Kurt looked at Ridley and wondered briefly where his spirit might have gone.
Up or down, or to some spiritual waiting room, where his fate would be adjudicated by powers unknown.
Or maybe he’d merely vanished into the fabric of the universe.
Ashes to ashes, dust to dust. Whatever the answer was, the man was gone, while the problems he’d set in motion lingered on.
Kurt intended to deal with those problems once and for all.
After rifling through Ridley’s coat and pockets, looking for anything that might be useful, he walked back to the Chinese man he’d pulled out of the snow.
The man hadn’t moved. He was in shock, his foot a mangled mess, his leg swelling until the strings of his boot looked like they might snap from the strain.

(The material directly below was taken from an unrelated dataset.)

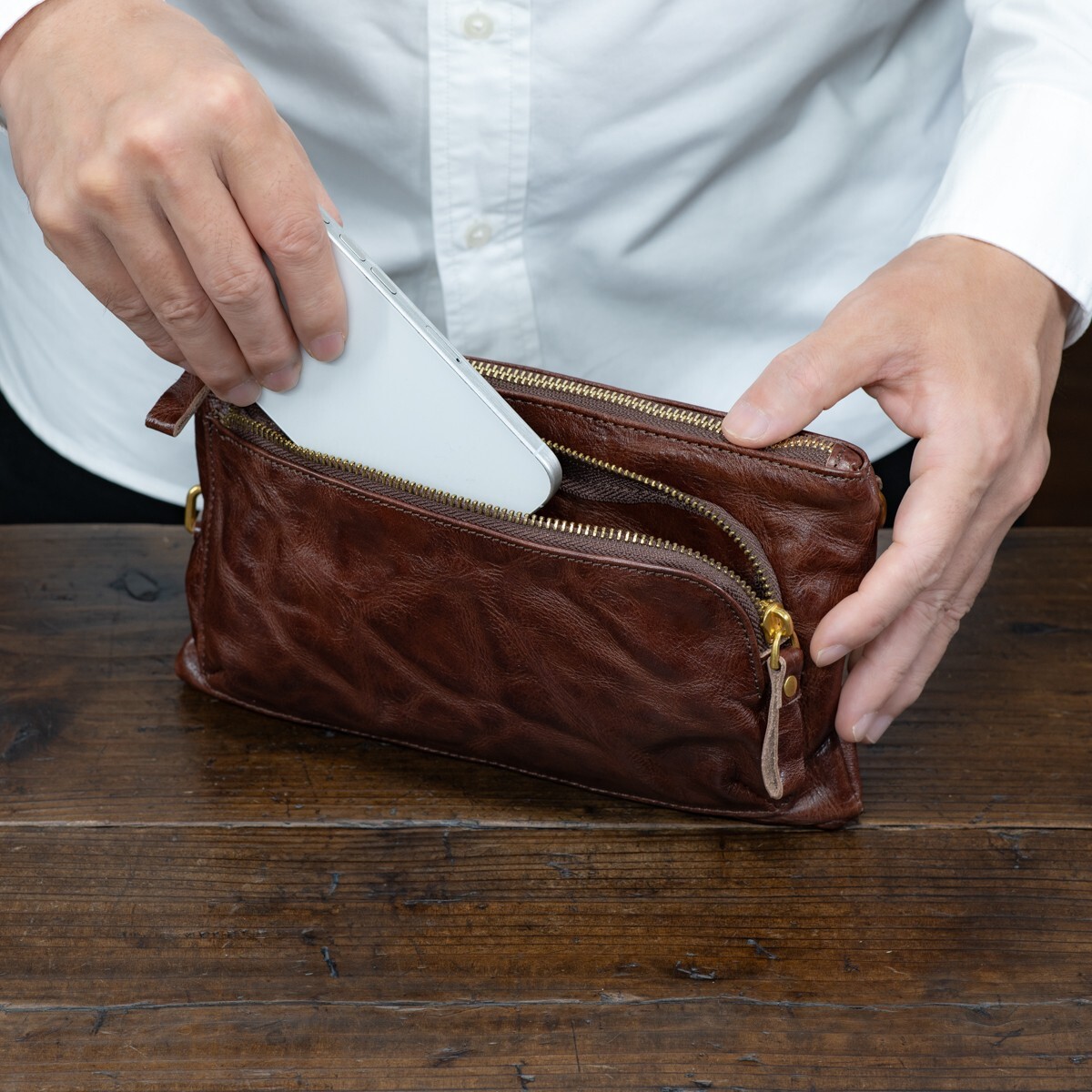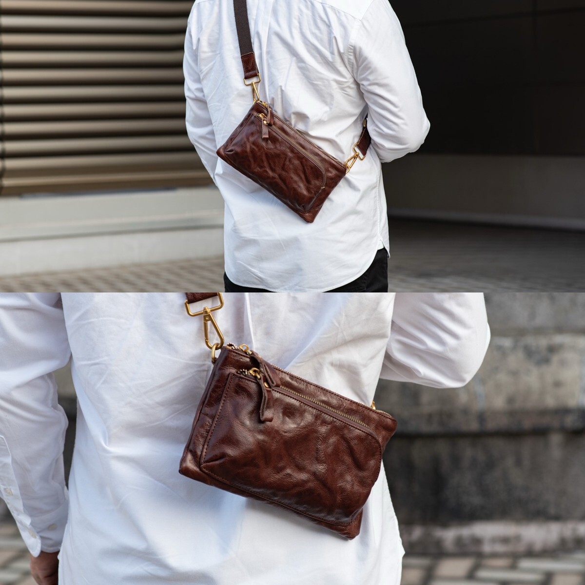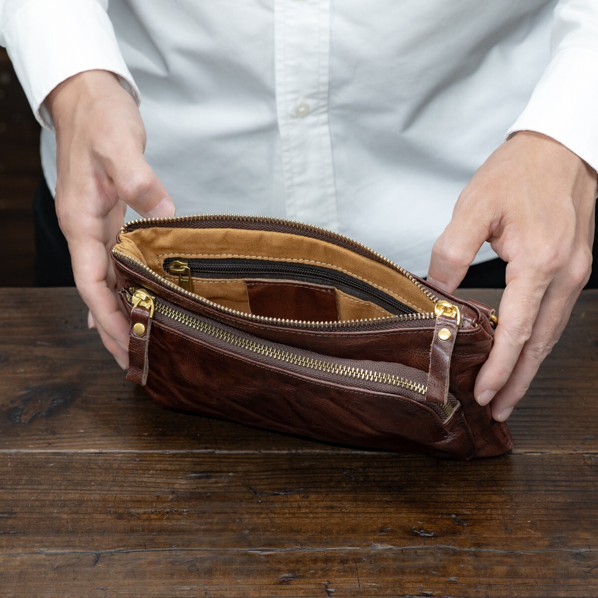 ウォッシュレザーを使ったアンティークな雰囲気のミニショルダーバッグです。ダークブラウンの落ち着いた色合いが、大人の装いにも自然に馴染みます。
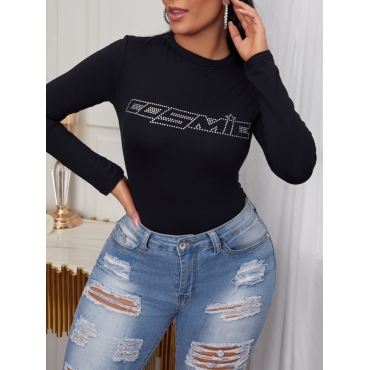 Lovely Casual O Neck Letter Print Black T-shirt

“Give me your radio,” Kurt demanded.
The man complied without protest.
Kurt checked the volume and pressed the talk button three times to get everyone’s attention.
Pressing and holding it, he spoke. “You’re down two cars.
One of them is on fire in a ditch and the other one’s buried under the snow, halfway up the switchback road.
Some of your men are buried with it. I figure they have about fifteen minutes of air left.
I suggest you come get them before it runs out. ”
A burst of static was followed by Gushan’s baffled voice. “Austin?”
“I’m giving your lieutenant a shovel in case he wants to start digging. But by the look on his face, he’s not going to get much done by himself.”
“Austin?” Gushan said again. “What’s happening? Austin?”
Kurt dropped a shovel beside the stunned Chinese operative and then made his way back to the Big Orange Rig, tossing the radio and the submachine gun off the cliff as he went. He climbed into the passenger seat as Joe got them moving.
They wheeled around slowly on the narrow mountain road, giving Kurt a view of the fjord that stretched away to the south. If Ridley’s dying words were to be believed, the EAGL was out there somewhere parked on a frozen lake.